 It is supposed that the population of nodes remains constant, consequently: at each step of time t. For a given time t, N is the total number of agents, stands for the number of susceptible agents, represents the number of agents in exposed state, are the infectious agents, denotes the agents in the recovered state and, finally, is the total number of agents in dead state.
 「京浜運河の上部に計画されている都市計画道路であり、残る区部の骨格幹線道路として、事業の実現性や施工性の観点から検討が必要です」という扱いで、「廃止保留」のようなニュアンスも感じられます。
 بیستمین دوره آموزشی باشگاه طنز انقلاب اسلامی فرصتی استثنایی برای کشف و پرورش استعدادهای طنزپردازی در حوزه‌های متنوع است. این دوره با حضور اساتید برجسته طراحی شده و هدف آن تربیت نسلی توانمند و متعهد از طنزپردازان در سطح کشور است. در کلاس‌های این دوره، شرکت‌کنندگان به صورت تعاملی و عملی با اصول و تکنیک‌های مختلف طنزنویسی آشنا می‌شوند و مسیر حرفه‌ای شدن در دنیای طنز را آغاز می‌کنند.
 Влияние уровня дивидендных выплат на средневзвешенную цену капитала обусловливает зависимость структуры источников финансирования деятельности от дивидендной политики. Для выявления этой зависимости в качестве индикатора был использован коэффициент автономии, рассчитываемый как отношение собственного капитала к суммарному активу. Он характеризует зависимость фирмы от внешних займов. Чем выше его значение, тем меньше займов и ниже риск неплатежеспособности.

================

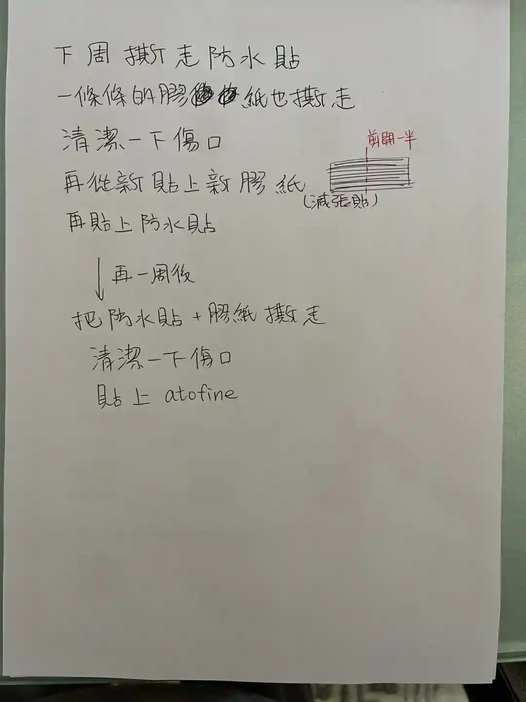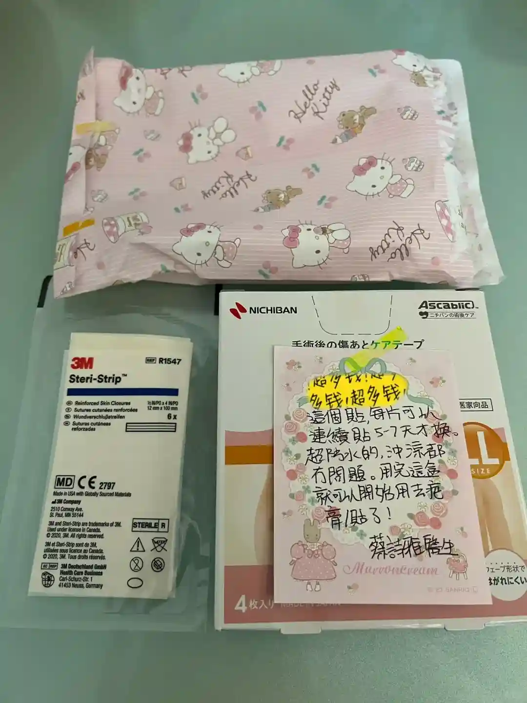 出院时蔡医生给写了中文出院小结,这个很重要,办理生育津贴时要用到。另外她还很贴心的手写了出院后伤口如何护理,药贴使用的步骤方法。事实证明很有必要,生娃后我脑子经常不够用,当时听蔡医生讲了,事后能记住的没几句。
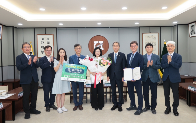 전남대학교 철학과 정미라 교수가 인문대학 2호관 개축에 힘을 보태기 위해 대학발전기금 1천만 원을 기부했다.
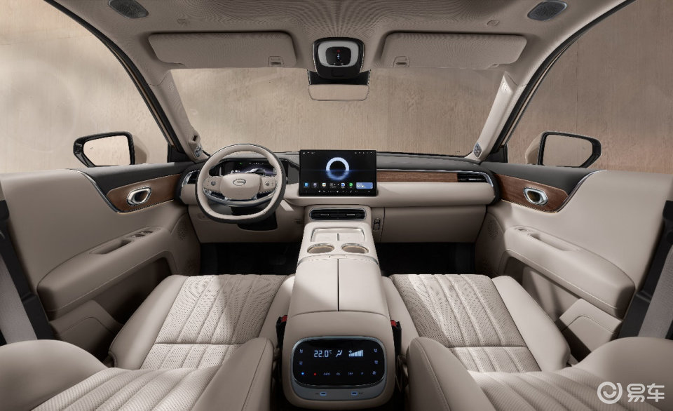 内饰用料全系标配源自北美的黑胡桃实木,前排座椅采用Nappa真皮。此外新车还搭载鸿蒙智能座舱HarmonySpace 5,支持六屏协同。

================

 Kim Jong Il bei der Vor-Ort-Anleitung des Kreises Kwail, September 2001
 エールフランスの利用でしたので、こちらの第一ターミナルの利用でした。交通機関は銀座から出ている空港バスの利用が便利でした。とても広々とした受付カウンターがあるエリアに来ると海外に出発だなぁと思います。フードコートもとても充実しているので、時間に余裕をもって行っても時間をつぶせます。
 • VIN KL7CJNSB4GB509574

================

Starting at the line above that has "전남대학교 철학과 정미라" and ending at the line that has "内饰用料全系标配源自北美的黑", copy each line exactly, leaving the pictures out and adding nothing.

 전남대학교 철학과 정미라 교수가 인문대학 2호관 개축에 힘을 보태기 위해 대학발전기금 1천만 원을 기부했다.
 内饰用料全系标配源自北美的黑胡桃实木,前排座椅采用Nappa真皮。此外新车还搭载鸿蒙智能座舱HarmonySpace 5,支持六屏协同。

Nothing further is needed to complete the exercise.